Vivian-You are correct. Private letter rulings and administrative agency
determinations are two different documents. We found that 45 states will issue
private letter rulings (though the documents have different names in different
states). Thirty-five of those states publish the letter rulings in redacted
form. Letter rulings are applicable only to a single taxpayer, but they provide
valuable guidance on how the taxing authority will apply the law given a set of
facts.

Taxpayers and practitioners want to have letter rulings available because it
represents guidance and most tax administrators seem to think that if they did
the research to prepare the guidance, they might as well publish it. In
addition, because state tax authorities have a significant amount of discretion
in how they apply their tax laws, publication of letter rulings provides a
means of checking to see if the taxing authority is using their discretion
consistently.

Rulings from an administrative adjudicatory body that regularly hears tax cases
are another document that most states publish (in redacted form). There are a
few standout states that do not publish these rulings or publish very few of
these rulings. These rulings are important because most states do not have an
independent tax tribunal (similar to the U.S. Tax Court), so these rulings may
be the only document published about a particular case and therefore represent
valuable guidance.

You are correct that many cases settle out of court.
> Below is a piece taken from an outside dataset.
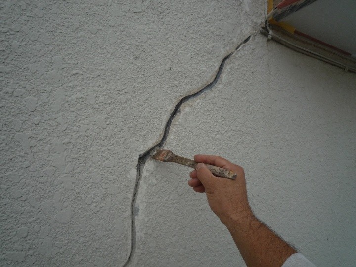 建物の各所に見られるクラックに対しても、同様にVカット処理を施していきます。これにより、クラック補修跡をできるだけ目立たなくするための工程に進むことができます。

But it is not only
taxpayers that are trying to get cases to settle because they don’t want to “go
public.” State taxing authorities are increasingly sophisticated are know the
cases they want to move and those they want to table.

There is always a give and take when determining what to publish and
practitioners understand what they can rely on and what they can’t. But by
ensuring that private letter rulings and administrative-level rulings are
published is one means of keeping an eye on whether similarly-situated
taxpayers are treated in a similar fashion.